The particular situation Number One is put into is a result of Discovery’s second season finale. Pike’s eventual judgement over how the Prime Directive applies here is evocative of what James T. Kirk would have done, and gives us the series’ – and the Federation’s – mission statement. It’s not innovative – not least because it has fifty-six years of tropes to back it up – but, damn, does it feel like proper Star Trek! What’s more, the Gorn are mentioned, as are the Eugenics War and World War III.

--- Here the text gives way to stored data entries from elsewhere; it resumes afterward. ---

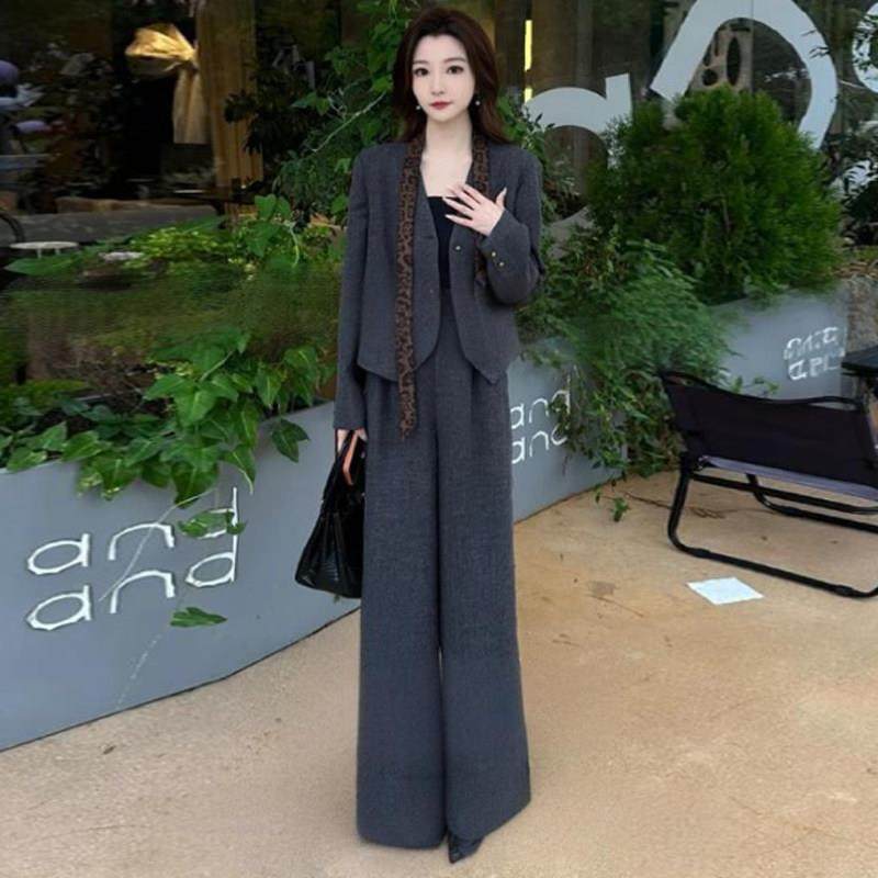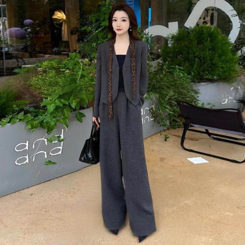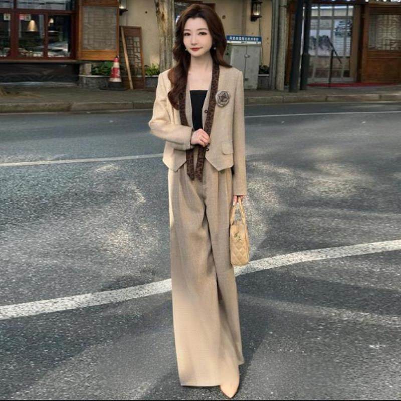 香港代购时尚气质套装女秋季新款显瘦短款外套阔腿裤时髦两件套潮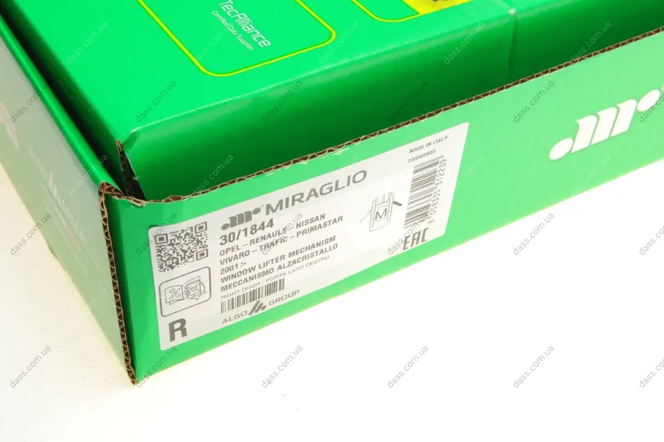 Склопідіймач (передній) Renault Trafic/Opel Vivaro 01- (R) (електро) (без моторчика) MIRAGLIO 301844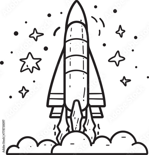 © BABBAN, Fototapeta premium Celestial Soar Space Rocket Lineart Icon Stellar Thrust Rocket Logo Vector Graphic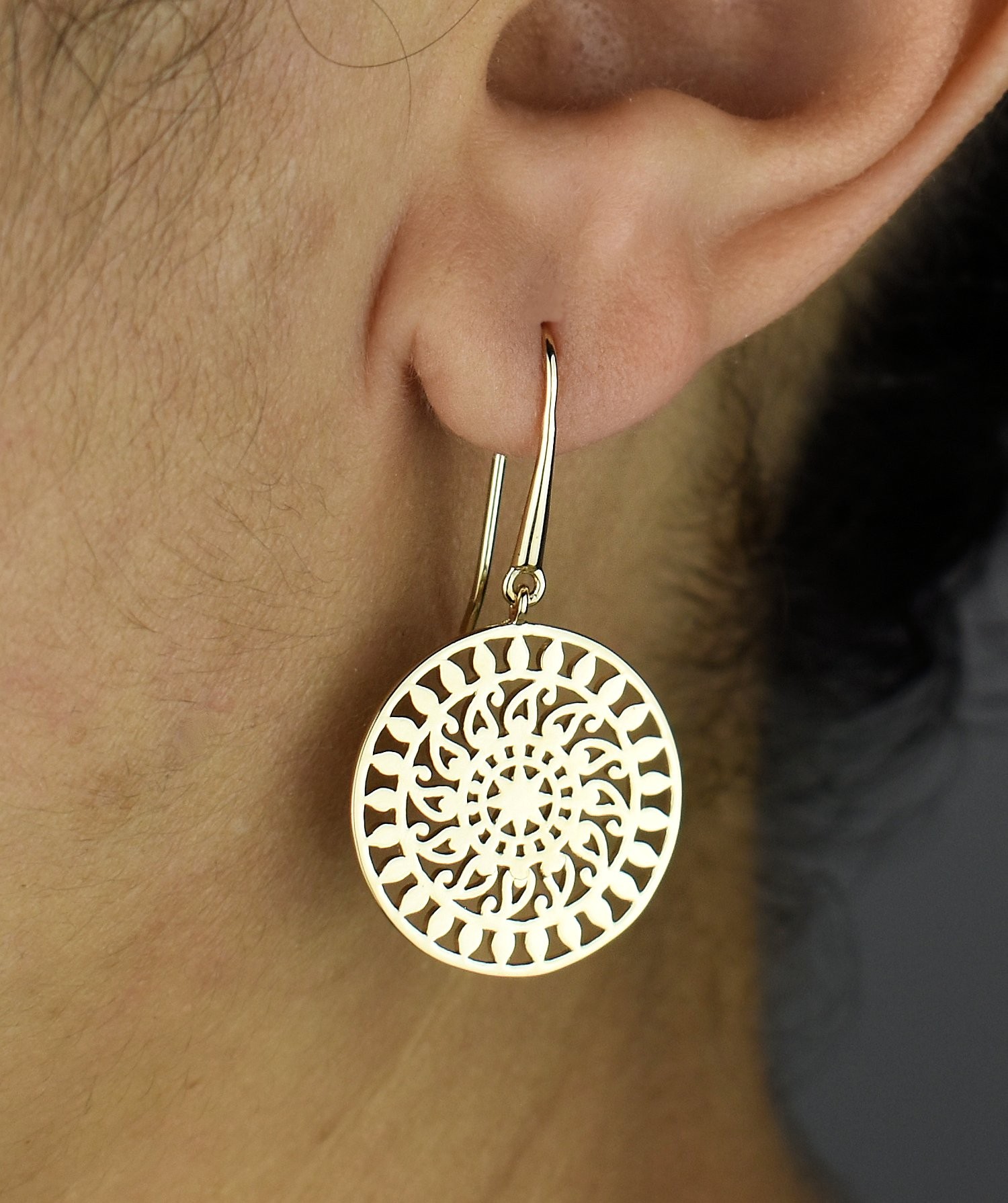 Ces boucles d'oreilles uniques présentent un magnifique motif soleil arabesque ajouré qui rayonne avec élégance. Elles ajoutent une touche d'élégance à n'importe quelle tenue.

Samuel Kirk and Hemmer (Paramount)

During a short stay at Starbase 1 (in orbit of Jupiter), Lieutenant Samuel Kirk (brother of James) and Aenar Chief Engineer Hemmer join the crew before the Enterprise boldly goes back out in search of new life and new civilisations.

Delta4
Rating: 4/5

In short, this is a good premiere. Adrian Holmes is great as Admiral Robert April, whereas Christina Chong is a little less dimensional so far, as La’an, while Melissa Navia barely gets a line yet as Lieutenant Ortegas, and poor Bruce Horak as Hemmer has none.  Despite these faults, it’s s the best pilot episode since Voyager‘s “Caretaker”, and it should settle everyone in nicely for a great new series.